▸ **Requirement**
All pictures are to be omitted while the lines starting at the line with "Mən bu təbrik" and ending at the line with "- Matcha Colour" in the material below are retyped exactly, both ends included.

▸ **Data for processing**
........

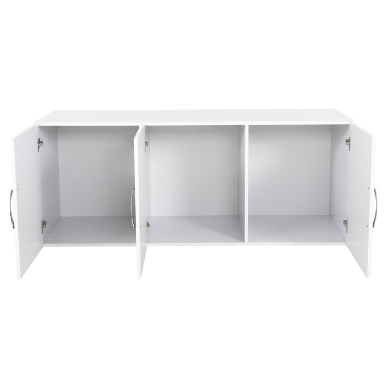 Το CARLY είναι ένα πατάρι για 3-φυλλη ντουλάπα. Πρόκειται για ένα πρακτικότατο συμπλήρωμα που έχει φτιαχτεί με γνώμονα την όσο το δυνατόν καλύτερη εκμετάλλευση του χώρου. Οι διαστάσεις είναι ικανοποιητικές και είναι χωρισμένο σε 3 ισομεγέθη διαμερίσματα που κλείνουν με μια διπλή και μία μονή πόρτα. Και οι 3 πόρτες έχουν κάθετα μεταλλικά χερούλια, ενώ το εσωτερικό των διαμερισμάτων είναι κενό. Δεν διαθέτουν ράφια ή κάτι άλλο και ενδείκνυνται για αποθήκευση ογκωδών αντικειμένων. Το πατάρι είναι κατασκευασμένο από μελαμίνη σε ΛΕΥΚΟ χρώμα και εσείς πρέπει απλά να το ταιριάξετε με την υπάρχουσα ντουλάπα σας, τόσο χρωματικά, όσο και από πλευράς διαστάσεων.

........

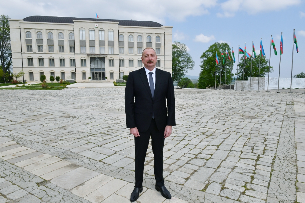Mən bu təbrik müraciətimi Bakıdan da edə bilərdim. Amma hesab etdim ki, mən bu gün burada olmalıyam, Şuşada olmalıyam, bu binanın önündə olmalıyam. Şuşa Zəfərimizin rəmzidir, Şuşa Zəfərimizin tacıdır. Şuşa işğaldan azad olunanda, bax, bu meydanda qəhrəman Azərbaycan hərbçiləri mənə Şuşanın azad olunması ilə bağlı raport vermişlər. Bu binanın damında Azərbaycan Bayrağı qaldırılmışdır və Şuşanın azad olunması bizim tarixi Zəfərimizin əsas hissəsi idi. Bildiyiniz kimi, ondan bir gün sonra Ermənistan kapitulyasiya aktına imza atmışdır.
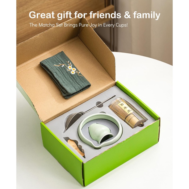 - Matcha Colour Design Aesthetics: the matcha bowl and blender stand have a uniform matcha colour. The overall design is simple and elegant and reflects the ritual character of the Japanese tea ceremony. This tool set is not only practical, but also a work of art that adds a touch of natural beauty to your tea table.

........

▸ **Solution to this exercise**
Mən bu təbrik müraciətimi Bakıdan da edə bilərdim. Amma hesab etdim ki, mən bu gün burada olmalıyam, Şuşada olmalıyam, bu binanın önündə olmalıyam. Şuşa Zəfərimizin rəmzidir, Şuşa Zəfərimizin tacıdır. Şuşa işğaldan azad olunanda, bax, bu meydanda qəhrəman Azərbaycan hərbçiləri mənə Şuşanın azad olunması ilə bağlı raport vermişlər. Bu binanın damında Azərbaycan Bayrağı qaldırılmışdır və Şuşanın azad olunması bizim tarixi Zəfərimizin əsas hissəsi idi. Bildiyiniz kimi, ondan bir gün sonra Ermənistan kapitulyasiya aktına imza atmışdır.
 - Matcha Colour Design Aesthetics: the matcha bowl and blender stand have a uniform matcha colour. The overall design is simple and elegant and reflects the ritual character of the Japanese tea ceremony. This tool set is not only practical, but also a work of art that adds a touch of natural beauty to your tea table.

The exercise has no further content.